> PROBLEM STATEMENT:
Once the line containing "Quitantie, ambtgeld, 1795" appears, output it and each remaining line of the records below exactly, with no pictures and nothing more.

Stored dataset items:
______

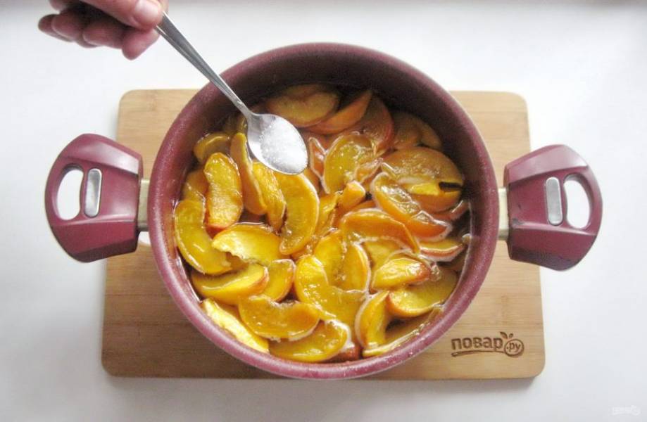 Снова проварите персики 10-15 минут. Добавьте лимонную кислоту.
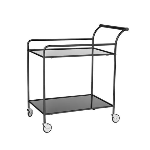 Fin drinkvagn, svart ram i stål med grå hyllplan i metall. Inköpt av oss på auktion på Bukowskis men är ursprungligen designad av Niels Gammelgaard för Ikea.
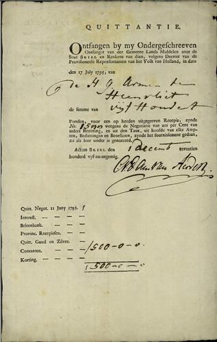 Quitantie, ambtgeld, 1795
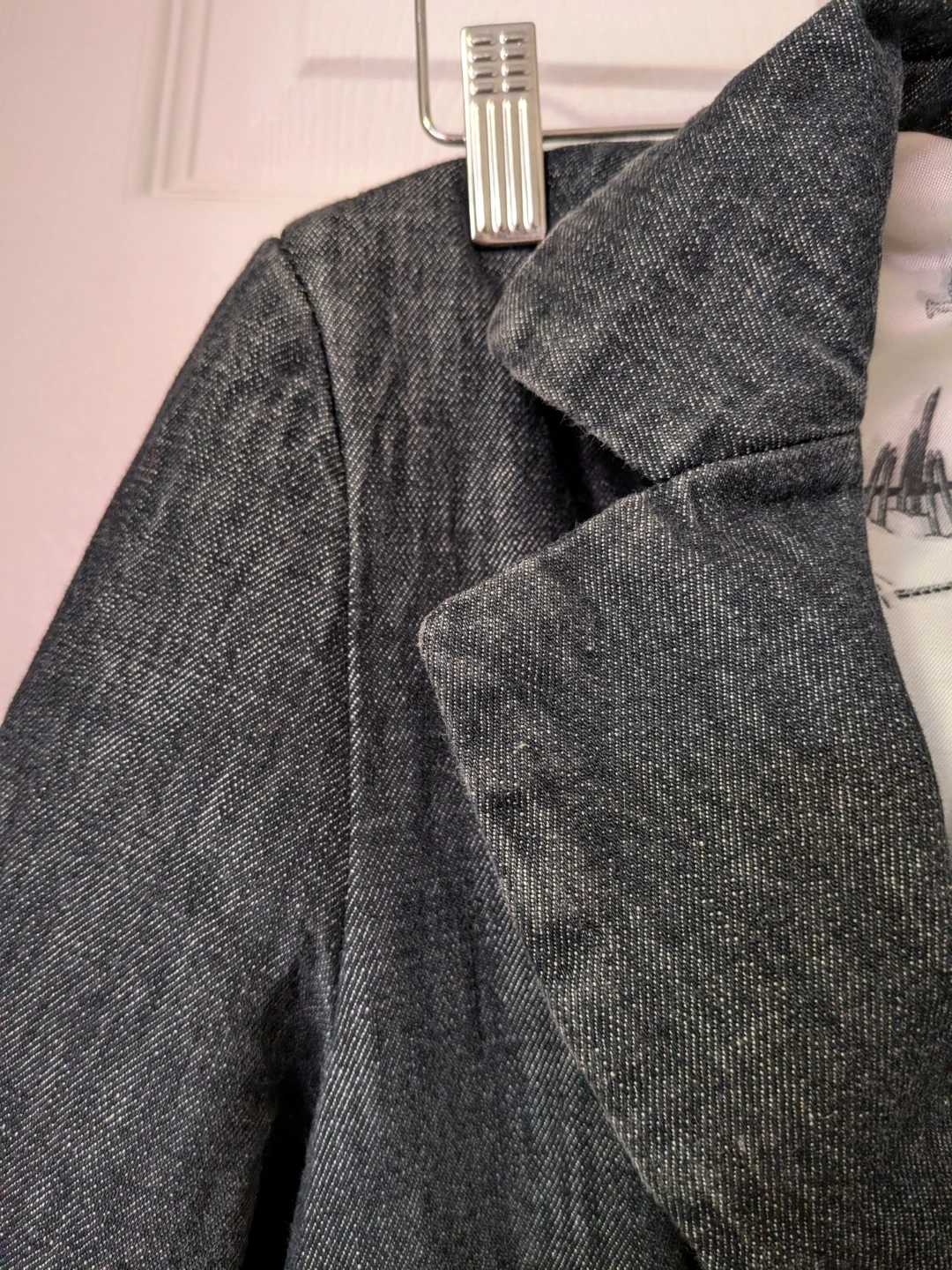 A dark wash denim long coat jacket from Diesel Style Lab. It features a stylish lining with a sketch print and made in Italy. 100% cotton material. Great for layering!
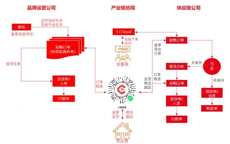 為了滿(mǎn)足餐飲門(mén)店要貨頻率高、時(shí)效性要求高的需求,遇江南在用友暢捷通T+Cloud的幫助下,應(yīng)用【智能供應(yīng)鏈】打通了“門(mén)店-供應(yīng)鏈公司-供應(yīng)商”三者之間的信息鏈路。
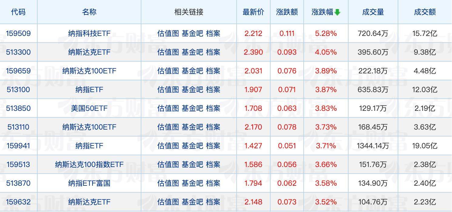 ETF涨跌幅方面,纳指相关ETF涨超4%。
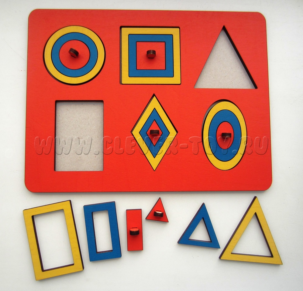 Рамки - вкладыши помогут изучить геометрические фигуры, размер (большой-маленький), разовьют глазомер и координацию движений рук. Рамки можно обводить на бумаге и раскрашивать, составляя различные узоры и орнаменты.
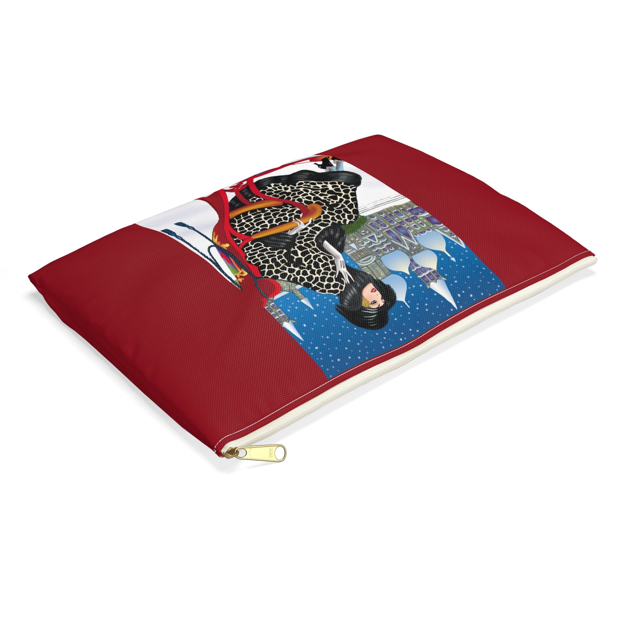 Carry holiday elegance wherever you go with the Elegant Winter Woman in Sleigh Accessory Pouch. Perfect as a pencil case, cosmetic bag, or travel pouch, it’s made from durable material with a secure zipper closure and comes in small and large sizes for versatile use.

______

> TASK SOLUTION:
 Quitantie, ambtgeld, 1795
 A dark wash denim long coat jacket from Diesel Style Lab. It features a stylish lining with a sketch print and made in Italy. 100% cotton material. Great for layering!
 為了滿(mǎn)足餐飲門(mén)店要貨頻率高、時(shí)效性要求高的需求,遇江南在用友暢捷通T+Cloud的幫助下,應(yīng)用【智能供應(yīng)鏈】打通了“門(mén)店-供應(yīng)鏈公司-供應(yīng)商”三者之間的信息鏈路。
 ETF涨跌幅方面,纳指相关ETF涨超4%。
 Рамки - вкладыши помогут изучить геометрические фигуры, размер (большой-маленький), разовьют глазомер и координацию движений рук. Рамки можно обводить на бумаге и раскрашивать, составляя различные узоры и орнаменты.
 Carry holiday elegance wherever you go with the Elegant Winter Woman in Sleigh Accessory Pouch. Perfect as a pencil case, cosmetic bag, or travel pouch, it’s made from durable material with a secure zipper closure and comes in small and large sizes for versatile use.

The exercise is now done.